# want to make kolaches



## mustangeric (May 22, 2010)

any one have some insite on how to make sausage and cheese kolaches?


----------



## CoastalOutfitters (Aug 20, 2004)

those aren't kolaches

http://en.wikipedia.org/wiki/Klobasnek

http://www.cafemom.com/journals/rea...how_to_make_meat_filled_Kolache_aka_klobasnek


----------



## speckle-catcher (May 20, 2004)

oh here we go with the whole "what is and what isn't a kolache" argument.


----------



## Danny O (Apr 14, 2010)

Not sure if this is technically a kolache, but it's a quick fix and very tasty. My wife uses the Pillsbury Crescent rolls, cheese, and 2 Lit'l Smokey sausages. Had some this morning!


----------



## mustangeric (May 22, 2010)

ok can someone tell me how to make some good *Klobasnek*


----------



## ksk (Aug 9, 2008)

I make homemade kolaches,here's the reciepe: 

1 pkg. yeast 
1 cup milk 
1/4 cup sugar 
1 tsp salt 
1 egg,slightly beaten 
3 3/4 cups of bread flour 
I mix the above in my bread maker to make the dough.Once the dough is made I roll it out and let it rise.Once risen,I separate into kolaches and let rise again.When ready I add filing,fruit,sausage,cheese etc.
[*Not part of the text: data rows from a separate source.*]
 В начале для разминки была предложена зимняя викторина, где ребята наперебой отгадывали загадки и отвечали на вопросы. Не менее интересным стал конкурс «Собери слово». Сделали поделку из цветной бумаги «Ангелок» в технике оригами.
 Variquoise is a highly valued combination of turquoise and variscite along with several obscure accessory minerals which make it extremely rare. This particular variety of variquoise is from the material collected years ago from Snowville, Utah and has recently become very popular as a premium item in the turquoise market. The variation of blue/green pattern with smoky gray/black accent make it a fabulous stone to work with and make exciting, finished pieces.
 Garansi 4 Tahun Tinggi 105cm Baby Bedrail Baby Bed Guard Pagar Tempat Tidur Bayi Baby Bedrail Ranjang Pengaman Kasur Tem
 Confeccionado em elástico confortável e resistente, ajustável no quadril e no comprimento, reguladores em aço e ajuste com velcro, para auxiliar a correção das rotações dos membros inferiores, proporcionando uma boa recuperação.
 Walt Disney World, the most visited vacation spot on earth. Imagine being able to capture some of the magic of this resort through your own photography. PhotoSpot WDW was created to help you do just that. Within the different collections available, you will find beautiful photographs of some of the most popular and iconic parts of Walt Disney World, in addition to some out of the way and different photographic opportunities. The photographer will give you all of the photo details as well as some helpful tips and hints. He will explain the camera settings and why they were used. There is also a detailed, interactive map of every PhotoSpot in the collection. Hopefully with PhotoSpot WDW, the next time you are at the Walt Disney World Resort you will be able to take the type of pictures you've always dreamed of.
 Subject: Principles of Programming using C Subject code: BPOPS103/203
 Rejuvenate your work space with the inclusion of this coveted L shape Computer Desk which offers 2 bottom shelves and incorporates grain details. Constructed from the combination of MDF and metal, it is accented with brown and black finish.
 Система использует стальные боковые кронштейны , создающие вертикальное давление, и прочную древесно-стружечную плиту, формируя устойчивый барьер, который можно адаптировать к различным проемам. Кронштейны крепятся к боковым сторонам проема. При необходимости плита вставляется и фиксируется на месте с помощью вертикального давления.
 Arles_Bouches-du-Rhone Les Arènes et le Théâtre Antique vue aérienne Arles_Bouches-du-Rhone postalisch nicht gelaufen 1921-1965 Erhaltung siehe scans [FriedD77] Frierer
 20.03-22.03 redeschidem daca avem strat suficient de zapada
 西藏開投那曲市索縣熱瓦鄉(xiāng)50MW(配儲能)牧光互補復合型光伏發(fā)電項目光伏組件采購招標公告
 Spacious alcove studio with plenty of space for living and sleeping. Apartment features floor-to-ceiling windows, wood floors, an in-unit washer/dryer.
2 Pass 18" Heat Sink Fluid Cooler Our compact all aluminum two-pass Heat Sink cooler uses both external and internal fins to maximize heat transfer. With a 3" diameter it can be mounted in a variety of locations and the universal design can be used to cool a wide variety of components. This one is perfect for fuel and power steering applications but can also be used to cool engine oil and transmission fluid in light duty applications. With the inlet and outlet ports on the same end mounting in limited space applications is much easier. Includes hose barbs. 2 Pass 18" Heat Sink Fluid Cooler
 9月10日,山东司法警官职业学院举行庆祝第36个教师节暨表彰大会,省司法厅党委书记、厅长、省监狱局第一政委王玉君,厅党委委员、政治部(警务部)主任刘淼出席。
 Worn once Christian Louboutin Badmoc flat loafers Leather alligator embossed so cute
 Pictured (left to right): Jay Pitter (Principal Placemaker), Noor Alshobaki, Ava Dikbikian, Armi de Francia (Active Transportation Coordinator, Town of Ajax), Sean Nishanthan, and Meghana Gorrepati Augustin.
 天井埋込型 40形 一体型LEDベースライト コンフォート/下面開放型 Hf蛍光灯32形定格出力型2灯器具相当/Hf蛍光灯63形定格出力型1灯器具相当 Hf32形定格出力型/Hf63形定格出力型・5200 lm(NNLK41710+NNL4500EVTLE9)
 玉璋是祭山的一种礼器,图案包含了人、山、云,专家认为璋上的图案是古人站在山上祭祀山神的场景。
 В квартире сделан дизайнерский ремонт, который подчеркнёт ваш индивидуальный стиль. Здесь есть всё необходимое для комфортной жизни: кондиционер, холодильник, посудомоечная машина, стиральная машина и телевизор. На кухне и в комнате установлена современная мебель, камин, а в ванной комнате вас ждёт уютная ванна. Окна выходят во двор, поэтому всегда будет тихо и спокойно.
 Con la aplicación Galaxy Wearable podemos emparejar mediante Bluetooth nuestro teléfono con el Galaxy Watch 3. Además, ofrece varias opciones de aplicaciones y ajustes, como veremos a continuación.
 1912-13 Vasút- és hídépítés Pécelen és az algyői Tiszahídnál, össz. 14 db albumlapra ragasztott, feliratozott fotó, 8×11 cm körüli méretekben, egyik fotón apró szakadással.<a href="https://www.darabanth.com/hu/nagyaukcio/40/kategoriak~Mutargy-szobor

Bake at 375 for 15 minutes or until brown.One can coat with butter.I usually get about a dozen with this recipe.I got the recipe from my Bohemina mother in law from El Campo.My wife says it's faster to buy a dozen at the donut shop?


----------



## CoastalOutfitters (Aug 20, 2004)

mustangeric said:


> ok can someone tell me how to make some good *Klobasnek*


read the bottom of the 2nd link i posted


----------



## hairchicktx (Dec 28, 2010)

These are good! i make these too! they also make a bigger size of the lil smokies,and they are easier to wrap!!! yum!


----------



## hairchicktx (Dec 28, 2010)

Danny O said:


> Not sure if this is technically a kolache, but it's a quick fix and very tasty. My wife uses the Pillsbury Crescent rolls, cheese, and 2 Lit'l Smokey sausages. Had some this morning!


sorry new at this, i meant to reply to this,,,


----------



## RAYSOR (Apr 26, 2007)

Danny O said:


> Not sure if this is technically a kolache, but it's a quick fix and very tasty. My wife uses the Pillsbury Crescent rolls, cheese, and 2 Lit'l Smokey sausages. Had some this morning!


That is some GOOD,eats!


----------



## G-O-T-B (Jan 15, 2010)

I like those Kolaches with boudain in them.


----------



## tbendbound (Feb 7, 2011)

Please don't be offended when we say, "These are not kolaches!" My Czech grandma would give you an earful.....but it's not a kolache.


----------